● Provided data
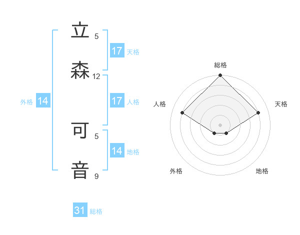 立森 可音さんの天格は17画の4点!
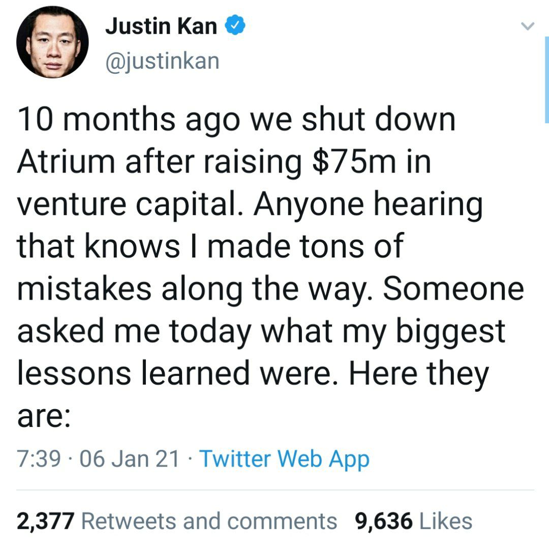 Огненный и откровенный трэд от Джастина Кана, со-основателя Twitch и серийного предпринимателя, который поднял $75 млн в свой новый legal-tech стартап от топовых VC во главе с a16z, но 10 месяцев назад закрыл его и уволил 100 человек.
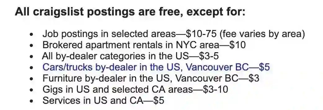▲ Craigslist的收费项目。Broker和dealer指职业经销商。
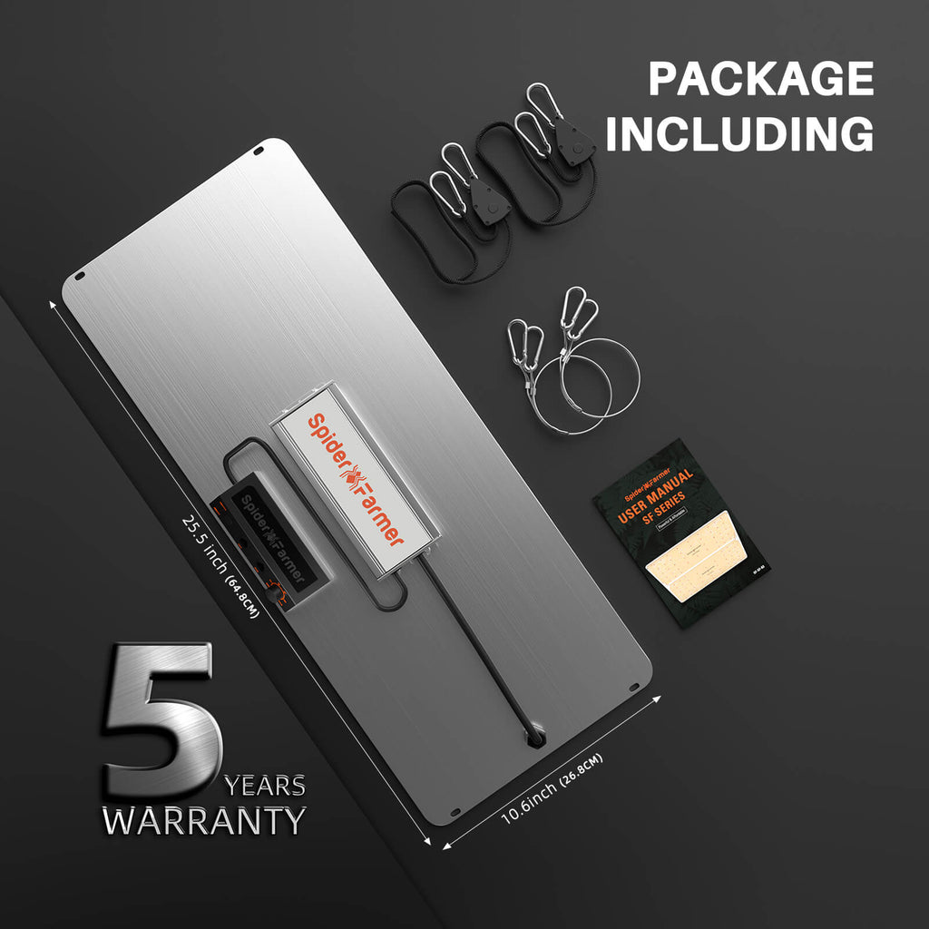 „Spider Farmer SF2000“ LED lempos pasižymi tvirtu korpusu ir visiškai tylia veikla – jokių ventiliatorių keliamo triukšmo. Aukšto efektyvumo nuimamas maitinimo blokas patikimai išsklaido šilumą, storas aliuminio radiatorius užtikrina stabilumą, o laidų apsaugos padidina naudojimo saugumą. Kokybiški komponentai užtikrina ilgaamžiškumą, todėl ilgainiui sutaupysite pinigų nereikalaujant dažno lempų keitimo.

● Your instructions
Word for word, restate all of the material, omitting the images.

● Task response
 立森 可音さんの天格は17画の4点!
 Огненный и откровенный трэд от Джастина Кана, со-основателя Twitch и серийного предпринимателя, который поднял $75 млн в свой новый legal-tech стартап от топовых VC во главе с a16z, но 10 месяцев назад закрыл его и уволил 100 человек.
▲ Craigslist的收费项目。Broker和dealer指职业经销商。
 „Spider Farmer SF2000“ LED lempos pasižymi tvirtu korpusu ir visiškai tylia veikla – jokių ventiliatorių keliamo triukšmo. Aukšto efektyvumo nuimamas maitinimo blokas patikimai išsklaido šilumą, storas aliuminio radiatorius užtikrina stabilumą, o laidų apsaugos padidina naudojimo saugumą. Kokybiški komponentai užtikrina ilgaamžiškumą, todėl ilgainiui sutaupysite pinigų nereikalaujant dažno lempų keitimo.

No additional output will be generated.